If the situation is the other way around and you want a website hosted on delapo.com but you want users to access temiremi.com, then simply re-writing links isn't a sophisticated enough answer. This strategy would redirect the user to the other domain when they clicked the link. Instead you would need to have a proxy set up to forward the information. Proxy scripts vary in complexity, but the simplest one would be something like:
<?php
$site = file_get_contents("http://www.delapo.com/$sitefolder");
echo $site;
?>
So you see, we really need a little more information on why you need this script and its intended purpose in order to assist you.
This would be a lot easier to do in the HTTP server configuration.
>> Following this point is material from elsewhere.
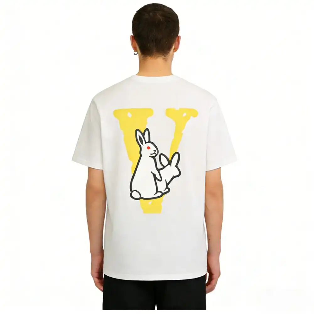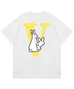 - Highly versatile, the Vlone Love Rabbit Yellow V White Tee can be seamlessly styled with all kinds of bottoms to achieve a relaxed, cozy daily outfit.

For example, using Apache's VHost
I'm not really sure what you're going for bc this doesnt look like absolute path to relative path, but rather one absolute path to another.
Are you always trying to simply change "www.temiremi.com/wmt/" to "delapo.com"? If thats the case, you just want simple string replacement rather than $_SERVER variables or path functions.
$alteredPath = str_replace("www.temiremi.com/wmt/", "delapo.com", $oldPath);
OR
$alteredParth "www.delapo.com/" . basename($oldPath)
If i misunderstand please explain, I don't know if you need this to be more robust/generic, and you kind of threw me for a loop with "dolapo.com" (when i first thought your title, i originally thought of comparing path to a value from $_SERVER and removing common parts,)
And as mentioned, if you are just trying to make the URL displayed the the user (in the address bar or links) look different PHP can't do this.